A norma geral garante a integralidade aos 15 (quinze) anos, 20 (vinte) anos ou 25 (vinte cinco) anos de serviço especial, sem indicar a exigência de qualquer outro requisito, o que impede a norma especial de instituir a referida previsão, sob pena de inutilizar-se a competência constitucional da União de delimitar os princípios e normas regentes do sistema.
Ademais, a novel legislação paulista ao desobedecer os limites ditados pela norma geral perde a sua eficácia.
No Estado em que inexiste lei definindo o tempo, é de rigor, a aplicação da Decisão contida no MI, ou seja, deve considerar o tempo máximo permitido no serviço perigoso/insalubre, qual seja, de 25 (vinte e cinco) anos.

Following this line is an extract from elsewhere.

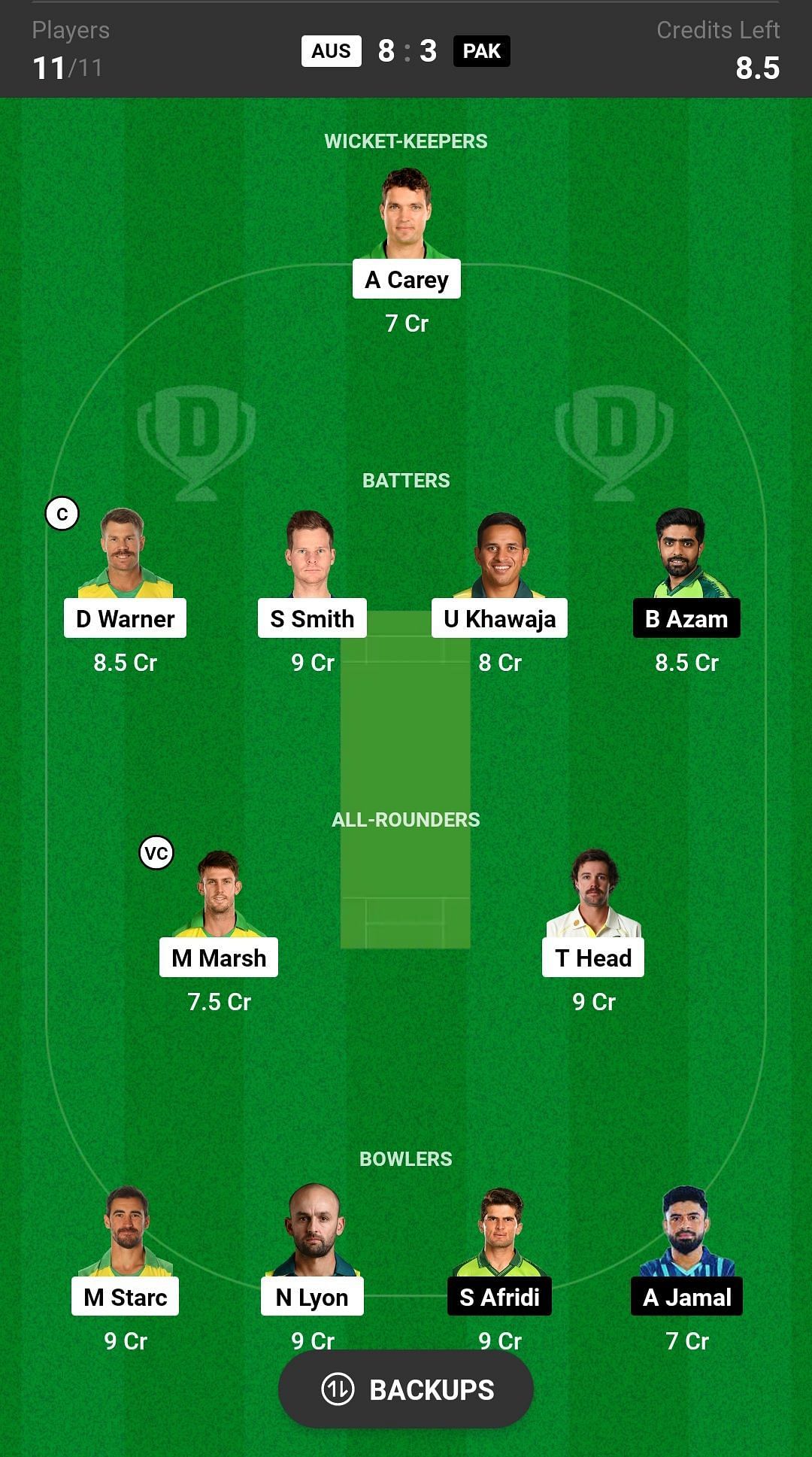 Bowlers: S Afridi, M Starc, N Lyon, A Jamal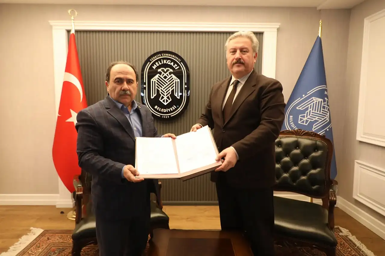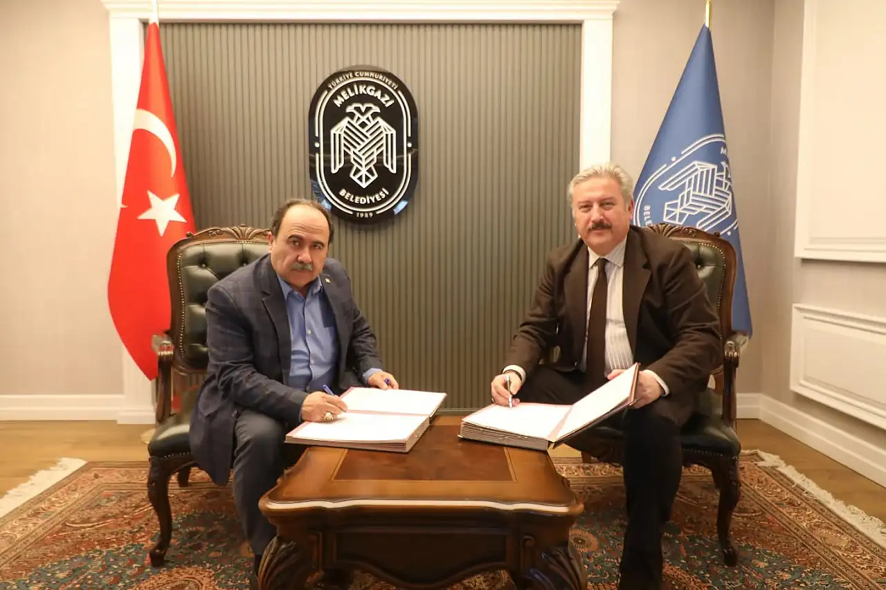 Melikgazi Belediye başkanlık makamında gerçekleşen imza töreninde Belediye Başkanı Mustafa Palancıoğlu ve Bem-Bir-Sen Kayseri Şube Başkanı Mehmet Karakaş katıldı.

Ocorre que o mandado de Injunção buscava um posicionamento do Congresso Nacional diante da sua omissão legislativa (para legislar sobre normas gerais), fato superado pelo MI.
Deu, pois, concretude a uma necessidade visceral dos policiais de todo o País e determinou a aplicabilidade da lei federal que regulamenta as atividades de risco.
A decisão contida no MI corresponde a uma norma geral a ser seguida pelos Estados da Federação e estes com ela não poderão conflitar.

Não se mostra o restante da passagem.